To separate parsing/mechanical failures from true reasoning failures, the study controls working memory by solving multiple unperturbed problems sequentially in a single context window and observes accuracy decay in both open-weight models (7B–120B) and Claude Opus 4.6.
The authors conclude that intermediate reasoning steps can “permanently pollute” dense attention mechanisms, motivating new reasoning architectures that include explicit contextual resets in the Chain-of-Thought.
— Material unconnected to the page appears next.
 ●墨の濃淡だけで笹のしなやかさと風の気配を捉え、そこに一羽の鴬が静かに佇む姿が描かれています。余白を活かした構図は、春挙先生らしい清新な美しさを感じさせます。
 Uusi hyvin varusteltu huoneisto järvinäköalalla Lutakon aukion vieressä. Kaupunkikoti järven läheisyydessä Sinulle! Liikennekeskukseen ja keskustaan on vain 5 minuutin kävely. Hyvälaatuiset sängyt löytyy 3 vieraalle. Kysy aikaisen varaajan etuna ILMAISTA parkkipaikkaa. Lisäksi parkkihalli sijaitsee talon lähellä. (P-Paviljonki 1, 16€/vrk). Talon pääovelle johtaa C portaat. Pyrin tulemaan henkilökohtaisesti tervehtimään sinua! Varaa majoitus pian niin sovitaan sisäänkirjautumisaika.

They raise open research questions about the optimal granularity of atomic reasoning tasks for achieving reliable, robust reasoning systems.

Abstract

While Large Language Models (LLMs) achieve high performance on standard mathematical benchmarks, their underlying reasoning processes remain highly overfit to standard textual formatting. We propose a perturbation pipeline consisting of 14 techniques to evaluate robustness of LLM reasoning. We apply this pipeline to AIME 2024 dataset and evalute 8 state-of-the-art models on the resulting benchmark. While frontier models exhibit resilience, open weights reasoning models suffer catastrophic collapses (up to 55% average accuracy drops across perturbations and up to 100% on some), exposing structural fragility. To further disentangle mechanical parsing failures from downstream reasoning failures, we strictly isolate the models' working memory capacity by forcing models to solve multiple unperturbed mathematical problems sequentially within a single context window. Our results indicate that open weight models ranging from 7B to 120B parameters and Claude Opus 4.6 exhibit accuracy decay on subsequent problems. This degradation demonstrates that intermediate reasoning steps permanently pollute standard dense attention mechanisms. We argue that to achieve reliable reasoning, future reasoning architectures must integrate explicit contextual resets within a model's own Chain-of-Thought, leading to fundamental open questions regarding the optimal granularity of atomic reasoning tasks.